Eva Kreienkamp (born 10 August 1962) is a German manager and businesswoman. Between 2015 and 2020, Kreienkamp held the position of Co-Managing Director of the Mainzer Verkehrsgesellschaft. Since 2020 Kreienkamp has been the chairperson of the board of the Berliner Verkehrsbetriebe; she succeeded Sigrid Nikutta on 1 October 2020.

== Life ==
Eva Kreienkamp spent part of her school time in an Ursuline boarding school in Belgium, and she took her Abitur in Düsseldorf. From 1982 to 1989, Kreienkamp studied mathematics at the Heinrich Heine University Düsseldorf and LMU Munich. She began her career at the start-up Amadeus Data Process in Erding in 1989 as a trainee in a computer centre. Starting in 1991, she worked for ten years in the management of the Allianz insurance company, where her last position was Senior Vice President. She then worked for Berlinwasser Holding AG and Berlikomm Telekommunikationsgesellschaft from 2002 to 2003. As early as 2001, Kreienkamp founded FrischCo., a gender and diversity marketing and market research company, together with her wife and another partner.

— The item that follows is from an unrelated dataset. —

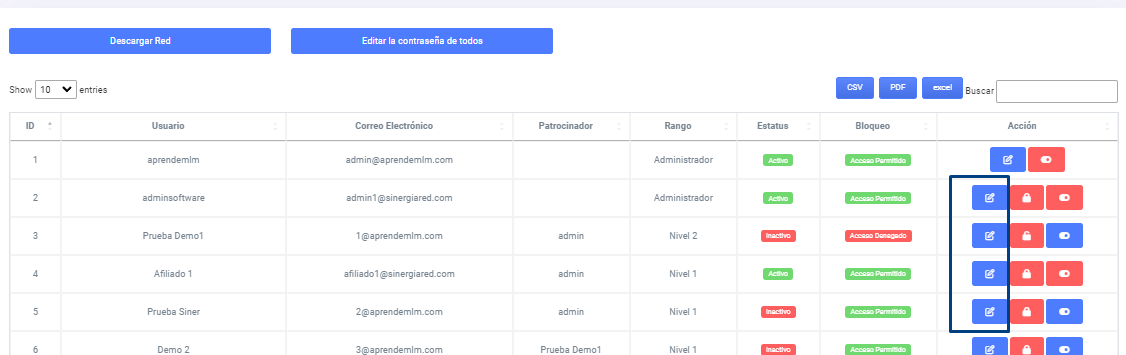 Al pulsar BUSCAR el sistema genera una línea con información básica del usuario y nos dirigimos al botón EDITAR USUARIO (selección 3)
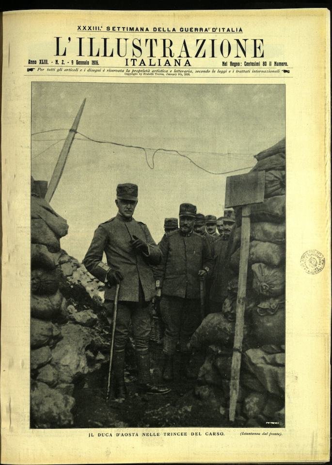 In-4, brossura. In buono stato di conservazione. In questo numero:Il Duca d'Aosta nelle trincee del Carso.

In 2009, Kreienkamp moved to the transport sector and took over first the financial management and then the management of the private railway company Hamburg-Köln-Express (HKX) / RDC Deutschland GmbH. In 2014, both sides parted ways by mutual agreement and after a time-out, she moved to Mainzer Verkehrsgesellschaft. Among other things, she was responsible for the transport concept "Mainzer Mobilität 2030." As Co-Managing Director, she was also responsible for the areas of driving personnel, commercial functions, digitalization and infrastructure projects. At the same time, she was also managing director of CityBahn GmbH for the construction of a tram line between Mainz and Wiesbaden.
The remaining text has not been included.